§ **What you have to do**: Make an exact copy of the records, with the pictures left out.

::::

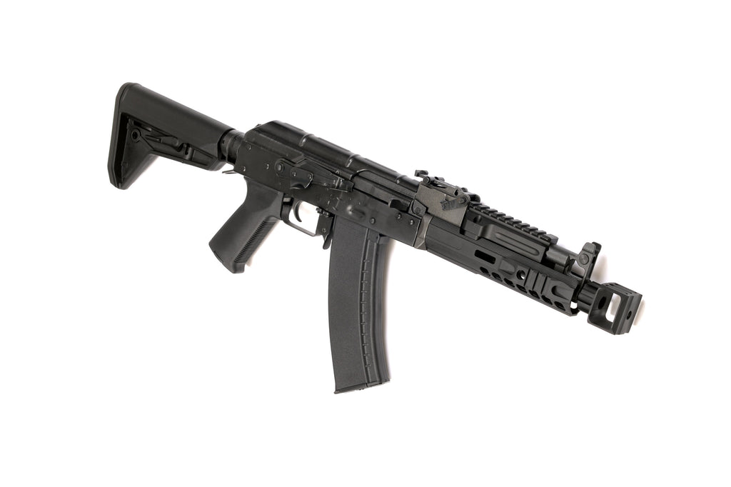 ARCTURUS K9 Custom AEG electric gun is an extremely compact and modern AK-series airsoft rifle. The gun features a short outer barrel and a striking muzzle brake. The front end includes an aluminum M-LOK and RIS compatible handguard. The top and bottom of the handguard feature standard picatinny/RIS rails for mounting sights or vertical grips. The sides of the handguard are equipped with M-LOK compatible slots. On the left side of the receiver, you will find an AK-style side mount for Russian type optics or accessory rails. The stock length is easy to adjust thanks to the M4-style retractable stock system.
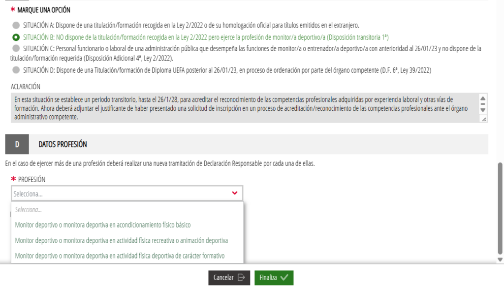 OPCIÓN A: aquellos que tengan un certificado de profesionalidad vía SEPE, una formación profesional de grado medio o superior, una carrera universitaria, o una titulación federativa de técnico deportivo o técnico deportivo superior deben pulsar la opción A.
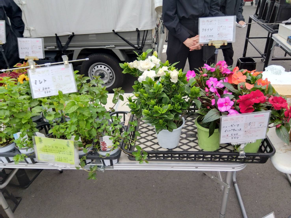 ごむの木は、毎週日曜日に厚木市民文化会館で開催される「厚木市民朝市」に出店しています。食べ物出店が並ぶ中で唯一の植栽販売です。
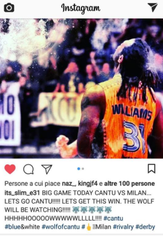 Ad attendere la gara, oltre ai tifosi delle due squadre, ci sono anche spettatori illustri come Eric Williams. L’ex giocatore canturino su Instagram ha scritto: “Oggi un grande match tra Cantù e Milano. Andiamo Cantù. Prendiamoci questa vittoria. The Wolf vi guarderà”.
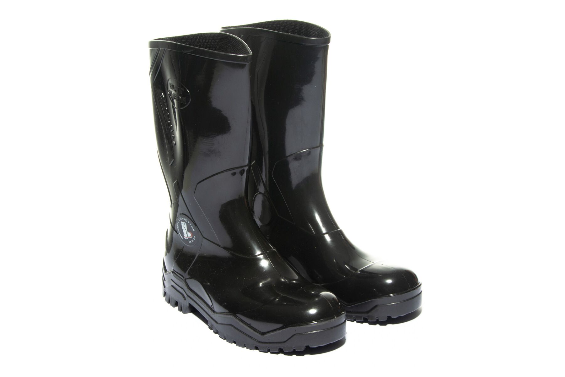 Bota de segurança, confeccionada em PVC, solado antiderrapante, na cor preta. Acabamento interior com meia de poliéster, com biqueira de aço. Certificado de Aprovação: 45224
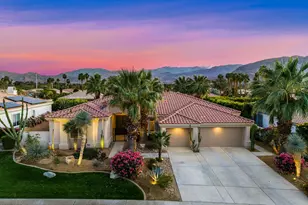 Poolside entertaining, starry night skies, mountain views and luxurious remodeled living spaces...experience the best of Rancho Mirage at this open and airy upscale home in the gated enclave of La Terraza. Double entry doors located beyond a gated front porch open to a great room with corner fireplace, dining area and backyard access in the single-level floorplan, which measures approximately 2,363 square feet. The great room flows seamlessly to a custom upgraded kitchen with oversized island, nook with open shelving, stainless steel appliances including a double oven, granite countertops, and custom flat-panel light-stained wood cabinetry including a pantry. Four stylish bedrooms and three baths include a chic casita with separate entrance, and a spacious primary suite with double tray ceiling, sitting area, backyard access, a walk-in closet with impressive custom built-ins, and a custom bath with large walk-in shower, two sinks, and floor-to-ceiling tile surrounds. Large-format tile floors, high ceilings, and custom paint and window treatments lend high-end flair throughout, an attached three-car garage opens to a driveway with generous room for guest parking, and an interior laundry room features custom built-ins and a sink. Located on a cul-de-sac street, the homesite extends about 10,454 square feet and showcases colorful well-maintained landscaping with custom lighting, and a private backyard with pebble-finished pool and spa, stone patios, and a loggia with misting system and retractable awnings. Located in the heart of Rancho Mirage, La Terraza is close to shopping centers, fine and casual dining, renowned golf courses, Sunnylands, and Palm Springs International Airport.

::::

§ **Result**:
 ARCTURUS K9 Custom AEG electric gun is an extremely compact and modern AK-series airsoft rifle. The gun features a short outer barrel and a striking muzzle brake. The front end includes an aluminum M-LOK and RIS compatible handguard. The top and bottom of the handguard feature standard picatinny/RIS rails for mounting sights or vertical grips. The sides of the handguard are equipped with M-LOK compatible slots. On the left side of the receiver, you will find an AK-style side mount for Russian type optics or accessory rails. The stock length is easy to adjust thanks to the M4-style retractable stock system.
 OPCIÓN A: aquellos que tengan un certificado de profesionalidad vía SEPE, una formación profesional de grado medio o superior, una carrera universitaria, o una titulación federativa de técnico deportivo o técnico deportivo superior deben pulsar la opción A.
 ごむの木は、毎週日曜日に厚木市民文化会館で開催される「厚木市民朝市」に出店しています。食べ物出店が並ぶ中で唯一の植栽販売です。
 Ad attendere la gara, oltre ai tifosi delle due squadre, ci sono anche spettatori illustri come Eric Williams. L’ex giocatore canturino su Instagram ha scritto: “Oggi un grande match tra Cantù e Milano. Andiamo Cantù. Prendiamoci questa vittoria. The Wolf vi guarderà”.
 Bota de segurança, confeccionada em PVC, solado antiderrapante, na cor preta. Acabamento interior com meia de poliéster, com biqueira de aço. Certificado de Aprovação: 45224
 Poolside entertaining, starry night skies, mountain views and luxurious remodeled living spaces...experience the best of Rancho Mirage at this open and airy upscale home in the gated enclave of La Terraza. Double entry doors located beyond a gated front porch open to a great room with corner fireplace, dining area and backyard access in the single-level floorplan, which measures approximately 2,363 square feet. The great room flows seamlessly to a custom upgraded kitchen with oversized island, nook with open shelving, stainless steel appliances including a double oven, granite countertops, and custom flat-panel light-stained wood cabinetry including a pantry. Four stylish bedrooms and three baths include a chic casita with separate entrance, and a spacious primary suite with double tray ceiling, sitting area, backyard access, a walk-in closet with impressive custom built-ins, and a custom bath with large walk-in shower, two sinks, and floor-to-ceiling tile surrounds. Large-format tile floors, high ceilings, and custom paint and window treatments lend high-end flair throughout, an attached three-car garage opens to a driveway with generous room for guest parking, and an interior laundry room features custom built-ins and a sink. Located on a cul-de-sac street, the homesite extends about 10,454 square feet and showcases colorful well-maintained landscaping with custom lighting, and a private backyard with pebble-finished pool and spa, stone patios, and a loggia with misting system and retractable awnings. Located in the heart of Rancho Mirage, La Terraza is close to shopping centers, fine and casual dining, renowned golf courses, Sunnylands, and Palm Springs International Airport.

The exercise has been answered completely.